# WORK TO COMPLETE:
Hand back every line from the beginning of the data below through the line containing "Système de dévidoir pour bâches larges", word for word and free of pictures.

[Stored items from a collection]
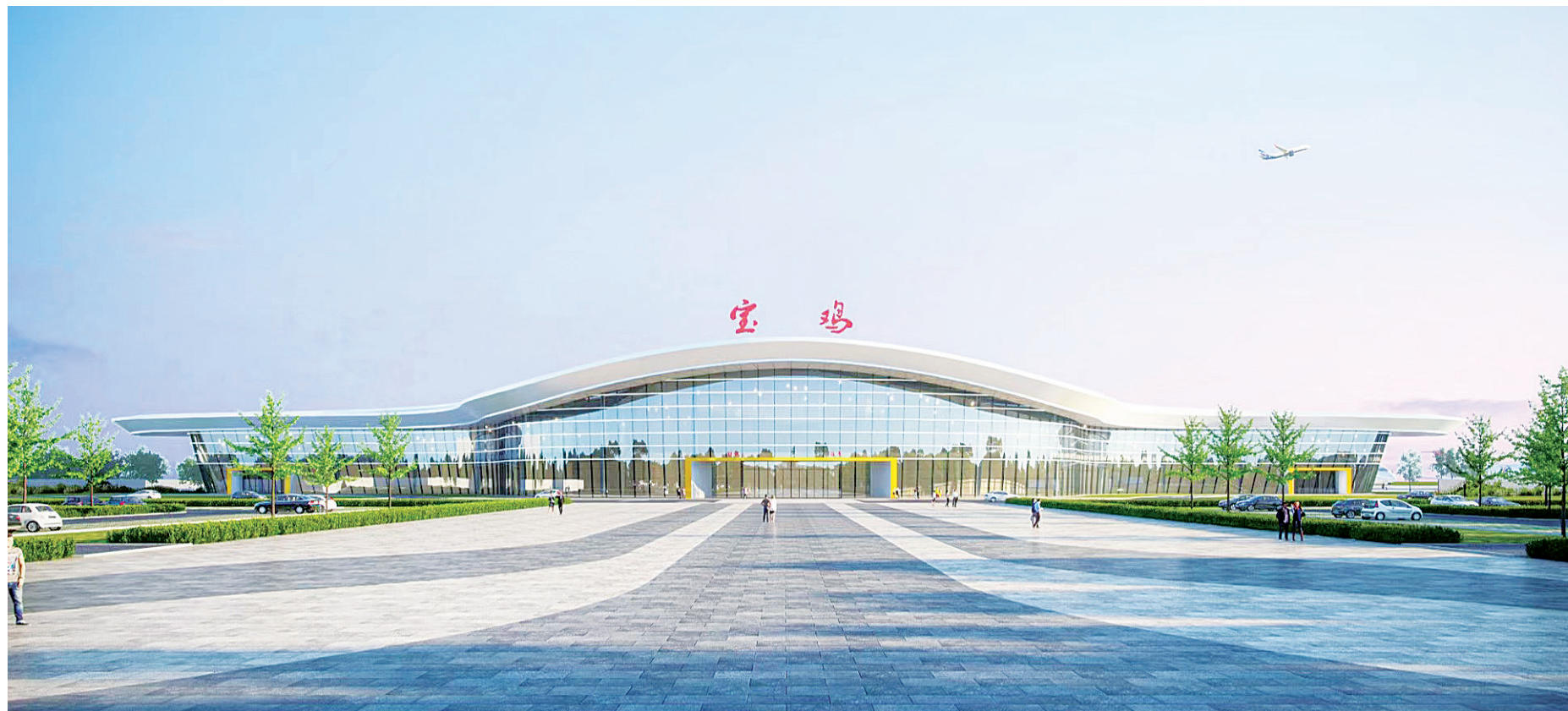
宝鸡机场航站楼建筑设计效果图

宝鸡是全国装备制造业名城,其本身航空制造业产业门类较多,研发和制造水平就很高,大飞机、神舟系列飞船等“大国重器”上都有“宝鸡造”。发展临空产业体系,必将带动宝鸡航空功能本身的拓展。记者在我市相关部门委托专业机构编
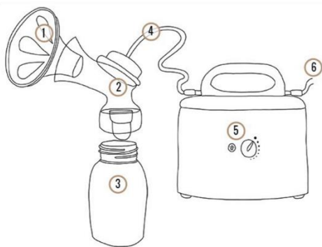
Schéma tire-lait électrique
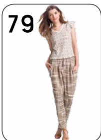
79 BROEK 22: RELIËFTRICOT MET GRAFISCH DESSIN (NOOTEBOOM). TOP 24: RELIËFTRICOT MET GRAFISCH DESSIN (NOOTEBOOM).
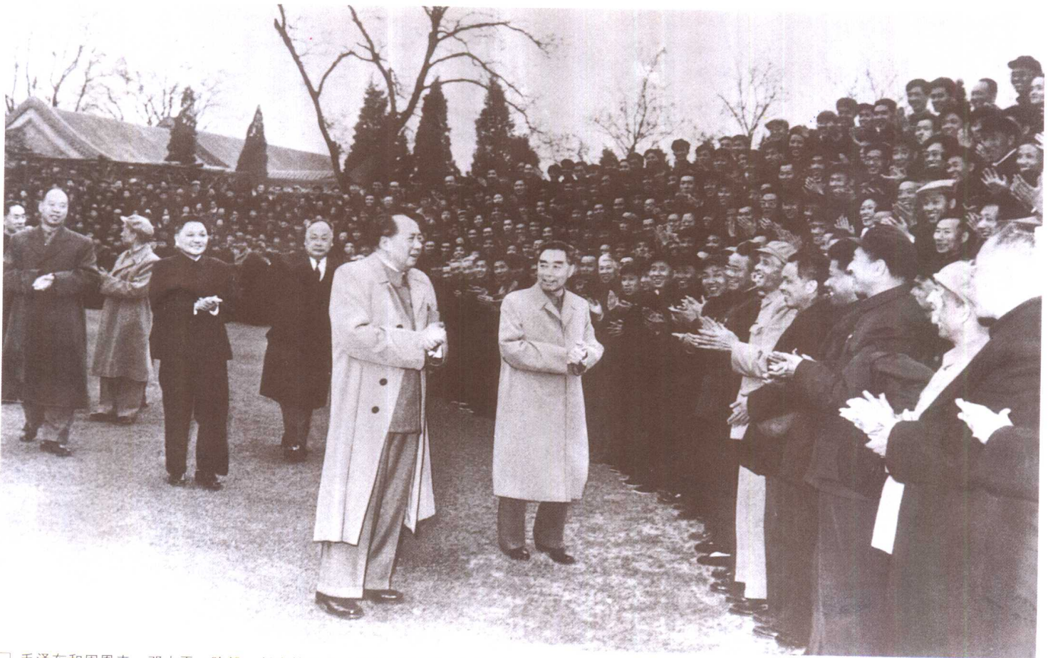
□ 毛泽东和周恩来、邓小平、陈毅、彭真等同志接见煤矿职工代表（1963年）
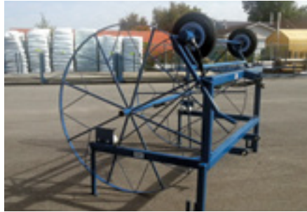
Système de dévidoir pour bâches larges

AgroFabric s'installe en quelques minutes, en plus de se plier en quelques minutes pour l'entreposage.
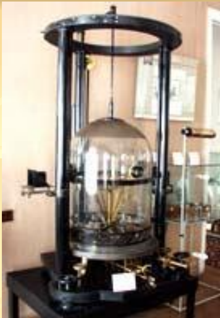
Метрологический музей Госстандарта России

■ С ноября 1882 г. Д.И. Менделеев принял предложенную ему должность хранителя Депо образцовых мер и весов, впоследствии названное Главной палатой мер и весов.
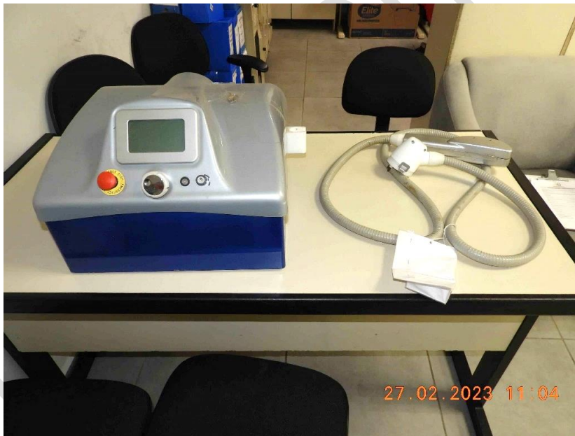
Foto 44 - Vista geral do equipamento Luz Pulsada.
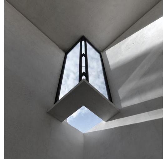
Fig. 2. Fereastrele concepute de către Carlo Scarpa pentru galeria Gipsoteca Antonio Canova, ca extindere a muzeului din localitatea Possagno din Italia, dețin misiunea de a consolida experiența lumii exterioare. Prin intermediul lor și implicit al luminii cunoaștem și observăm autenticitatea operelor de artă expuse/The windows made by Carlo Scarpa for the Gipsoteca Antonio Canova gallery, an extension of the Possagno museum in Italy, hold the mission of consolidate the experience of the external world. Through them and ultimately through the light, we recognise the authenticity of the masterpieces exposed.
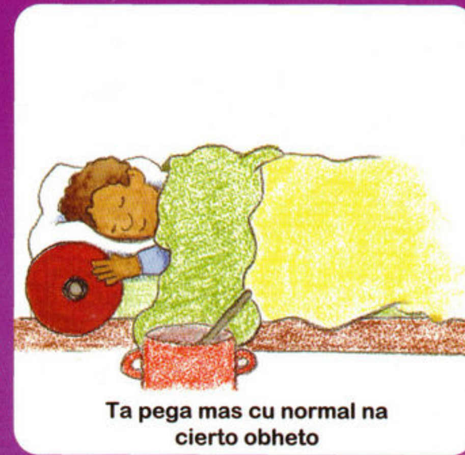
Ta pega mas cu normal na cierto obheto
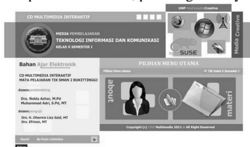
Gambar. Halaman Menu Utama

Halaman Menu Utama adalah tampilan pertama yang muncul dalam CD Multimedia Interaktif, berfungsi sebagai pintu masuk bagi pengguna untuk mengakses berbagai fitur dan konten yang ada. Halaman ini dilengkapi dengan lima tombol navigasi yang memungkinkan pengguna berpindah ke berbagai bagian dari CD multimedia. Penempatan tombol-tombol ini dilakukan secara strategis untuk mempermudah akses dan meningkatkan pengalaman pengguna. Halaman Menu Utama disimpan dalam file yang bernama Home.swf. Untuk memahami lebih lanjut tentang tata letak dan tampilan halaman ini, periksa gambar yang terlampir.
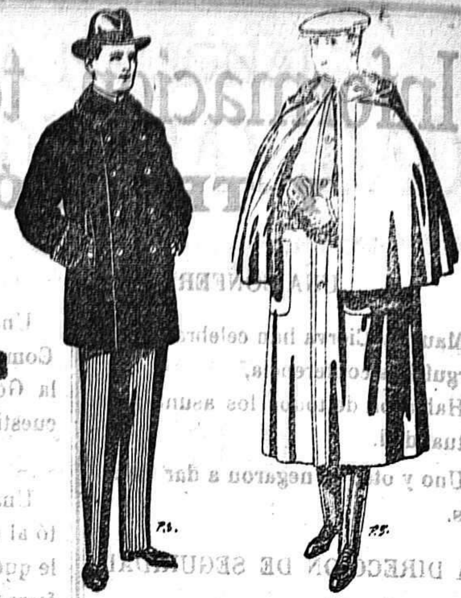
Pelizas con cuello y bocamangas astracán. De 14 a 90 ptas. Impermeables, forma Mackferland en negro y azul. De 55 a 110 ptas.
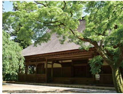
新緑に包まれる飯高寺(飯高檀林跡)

# EXPECTED ANSWER:
宝鸡机场航站楼建筑设计效果图

宝鸡是全国装备制造业名城,其本身航空制造业产业门类较多,研发和制造水平就很高,大飞机、神舟系列飞船等“大国重器”上都有“宝鸡造”。发展临空产业体系,必将带动宝鸡航空功能本身的拓展。记者在我市相关部门委托专业机构编
Schéma tire-lait électrique
79 BROEK 22: RELIËFTRICOT MET GRAFISCH DESSIN (NOOTEBOOM). TOP 24: RELIËFTRICOT MET GRAFISCH DESSIN (NOOTEBOOM).
□ 毛泽东和周恩来、邓小平、陈毅、彭真等同志接见煤矿职工代表（1963年）
Système de dévidoir pour bâches larges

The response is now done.